Even though states have raised their standards, they have not found a way to translate these new benchmarks into higher levels of student test performance. We find no correlation at all between a lift in state standards and a rise in student performance, which is the central objective of higher proficiency bars.
Yup. Higher standards have not moved the bar. I see three issues with what they've written here.
1) "Greater growth in learning" is yet one more reformy phrase that suggests that student learning or student achievement is subject to quantitative measurement. Measuring learning is like checking to see how full a glass of water is. The assumption is necessary because it makes learning easy to measure-- just hold a ruler up to it and you know how much of the learning the child has packed into their head.
But does that really work. Has a student who has learned to play bassoon achieved "more" than a student who has learned how to identify different types of rock, or a student who has learned the major causes of The Great European War, or a student who has learned how to cook a soufflé? Reformers have gotten us talking about quantity of learning when most of the differences that matter are qualitative rather than quantitative. From that foundational error, many of the problems of reform follow.
2) Student test performance still is unproven as a measure of anything except a student's ability to take a test, or their socio-economic background. Student test scores are only slightly more useful than collecting student show sizes. It's bad data, and it does not measure the things that reformsters say they want to measure.
3) Raising student test scores should not be the "central objective" of any piece of education policy ever. I give them points here for honesty. The line used to be that by making students smarter, test scores would go up. Here Hamlin and Peterson drop even the pretense that test scores are proxies for anything else. This is exactly what any student of Campbell's Law would have predicted-- we have gone from trying to move the thing that is supposed to be measured to simply trying to move the measurement itself (read Daniel Koretz's The Testing Charade for an in-depth examination of this point).
We are now only one third of the way through the article, and yet the next sentence is not "Therefore, there really is no purpose in continuing to fret about how high state standards are, because they have nothing to do with student achievement." But instead, the next sentence is "While higher proficiency standards may still serve to boost academic performance, our evidence suggests that day has not yet arrived." And sure, I understand the reluctance to abandon a favorite theory, but at some point you have to stop saying, "Well, we've now planted 267 magic beans in the yard and nothing has happened-- yet. But tomorrow could be the day; keep that beanstalk ladder ready."

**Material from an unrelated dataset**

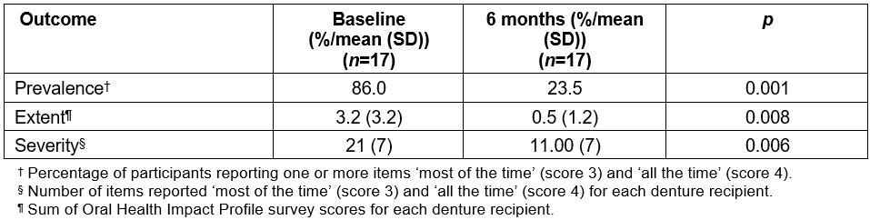 The purpose of this study was to evaluate the impact of the service on OHRQoL of the patients who received the dentures. OHRQoL was assessed using the shortened version of the Oral Health Impact Profile survey (OHIP-14)3. Denture recipients between July and December 2016 were invited to participate in the evaluation, completing an OHIP-14 survey at baseline and 6-month follow-up (January–June 2017), in a culturally safe manner, as an interviewer-assisted survey with an Aboriginal dental assistant. Twenty-eight recipients (82%) participated in the survey at baseline, 17 (61%) were able to be followed up. The effect of oral health on quality of life was improved in all measurement scores. At baseline, 86% of the participants had at least one item scored as ‘most/all of the time’ for oral health problems; at follow up this dropped to 23% (p=0.001). The ‘extent’ of the effect of oral health on quality of life, the mean number of times a participant ranks one of the 14 items as ‘most or all of the time’, was also significantly reduced at follow-up (3.2 v 0.5, p=0.008). The ‘severity’ of the effect of oral on quality of life, the mean overall sum of all OHIP items, was 21 out of a possible 56 at baseline; this was significantly (p=0.006) reduced at follow-up to a mean of 11 for all participants (Table 1).

Hamlin and Peterson next recap the post-2002 history of state standards and the raising thereof (or not). They also refer to Common Core as "content standards," which -- well, I would call at least the ELA portion of the Core anti-content standards, but we can save that discussion for another day.
They also spend some time talking about how states have been closing a gap in "proficiency" measurement between the Big Standardized Test and NAEP. We should apparently be excited that more states have results that align with their NAEP results (they give states letter grades based on their gap), but they don't explain why we should care. And given the results covered earlier, it would seem that we shouldn't care at all.
That's underlined by a graph that turns up further down the page.
So despite all the fun number crunching, they come up with this conclusion:
Even so, the primary driving force behind raising the bar for academic proficiency is to increase academic achievement, and it appears that education leaders have not figured out how to translate high expectations into greater student learning.
Sigh. This is like one more iteration of the "It's the implementation that's screwing everything up" talking point. The high standards movement has always suffered from one other seriously flawed premise-- the notion that teachers and students could do better, but are just holding out on policy leaders, and they need to be prodded so that educational greatness can be achieved. This is both insulting and untrue. It is long past time for reformsters to look-- really look-- at their own data and finally conclude that their magic beans are never going to yield giant beanstalks.